Background The International Collaborative Effort (ICE) on Injury Statistics called for an effort ‘to reach consensus on what are the 10 most important indicators of injury incidence that offer the potential for international comparisons and for regional or global monitoring.’

Objectives To describe the process of developing the ICE indicators and to present the specifications of selected injury mortality indicators, along with comparisons between selected countries for those specified indicators.

Methods Participants on the ICE list had been asked to send to one of the authors what they considered the most important five indicators of injury incidence. These were synthesised and presented under six themes: mortality indicators (general); mortality indicators (motor vehicle); mortality indicators (other); hospital data-based (overall); hospital data-based (traumatic brain injury (TBI)); long-term disability (overall). Following two work group discussions and after drafting and revising indicator specifications, agreement was reached on mortality indicators and specifications. Specifications for those mortality indicators are presented. Morbidity indicators are still to be agreed.

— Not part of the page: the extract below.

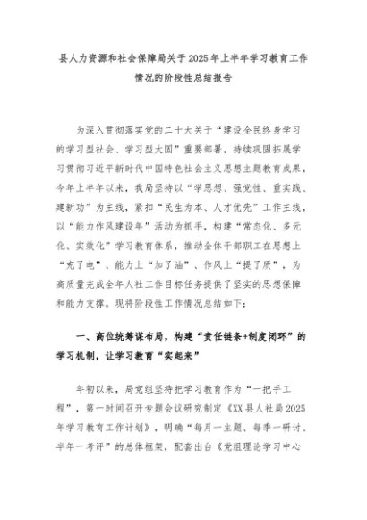 【七哥公文】2025年:县人力资源和社会保障局关于2025年上半年学习教育工作情况的阶段性总结报告+更多免费公文+VX:QiGeGongWen2024

Results The mortality indicators proposed were age-adjusted rates of injury death; motor vehicle traffic crash-related death; self-harm/suicide; assault/homicide; and TBI death. The empirical work highlighted difficulties in identifying TBI in countries where mortality data do not capture multiple injuries, prompting us to drop the mortality indicator related to TBI and moving us instead to introduce an indicator to monitor the use of undetermined intent in the classification of injury mortality.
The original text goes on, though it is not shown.